Eltonsy Nevine H, Tourassi Georgia D, Elmaghraby Adel S
Computer Engineering and Computer Science Department, Speed Scientific School, University of Louisville, Eastern Parkway Street, Louisville, KY 40292, USA.
IEEE Trans Med Imaging. 2007 Jun;26(6):880-9. doi: 10.1109/TMI.2007.895460.

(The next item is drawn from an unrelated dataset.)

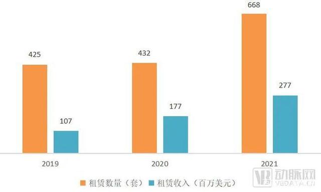 據(jù)年報數(shù)據(jù),在2021年、2020年和2019年里,各有668、432和425個達芬奇手術機器人投入租賃使用,并分別產(chǎn)生2.77億、1.77億和1.07億美元的營收。計算一下可以得到2021年每臺機器人年租費用約為41萬美元。此外,由于在租賃合同中有在特定時間點客戶可以行使買斷權的協(xié)議,在過去3年中,這方面的收入分別為9600萬、5222萬和9280萬美元。盡管營收的絕對數(shù)據(jù)并不算多,但租賃卻是一種行之有效的打開市場的方式。

We propose a technique for the automated detection of malignant masses in screening mammography. The technique is based on the presence of concentric layers surrounding a focal area with suspicious morphological characteristics and low relative incidence in the breast region. Mammographic locations with high concentration of concentric layers with progressively lower average intensity are considered suspicious deviations from normal parenchyma. The multiple concentric layers (MCLs) technique was trained and tested using the craniocaudal views of 270 mammographic cases with biopsy proven malignant masses from the digital database of screening mammography. One-half of the available cases were used for optimizing the parameters of the detection algorithm. The remaining cases were used for testing. During testing, malignant masses were detected with 92%, 88%, and 81% sensitivity at 5.4, 2.4, and 0.6 false positive marks per image. Testing on 82 normal screening mammograms showed a false positive rate of 5.0, 1.7, and 0.2 marks per image at the previously reported operating points. Furthermore, additional evaluation on 135 benign cases produced a significantly lower detection rate for benign masses (61.6%, 58.3%, and 43.7% at 5.1, 2.8, and 1.2 false positives per image, respectively). Overall, MCL is a promising computer-assisted detection strategy for screening mammograms to identify malignant masses while maintaining the detection rate of benign masses considerably lower.
我们提出了一种用于在乳腺钼靶筛查中自动检测恶性肿块的技术。该技术基于在具有可疑形态特征且在乳腺区域相对发生率较低的病灶周围存在同心层。具有高浓度同心层且平均强度逐渐降低的乳腺钼靶位置被视为与正常实质的可疑偏差。使用来自乳腺钼靶筛查数字数据库的270例经活检证实为恶性肿块的乳腺钼靶病例的头尾位视图对多层同心层(MCL)技术进行了训练和测试。可用病例的一半用于优化检测算法的参数。其余病例用于测试。在测试期间,在每幅图像分别有5.4、2.4和0.6个假阳性标记的情况下,恶性肿块的检测灵敏度分别为92%、88%和81%。在82例正常乳腺钼靶筛查图像上进行测试,在先前报告的操作点处,每幅图像的假阳性率分别为5.0、1.7和0.2个标记。此外,对135例良性病例的额外评估显示,良性肿块的检测率显著较低(在每幅图像分别有5.1、2.8和1.2个假阳性的情况下,分别为61.6%、58.3%和43.7%)。总体而言,MCL是一种有前景的计算机辅助检测策略,用于乳腺钼靶筛查以识别恶性肿块,同时使良性肿块的检测率保持在相当低的水平。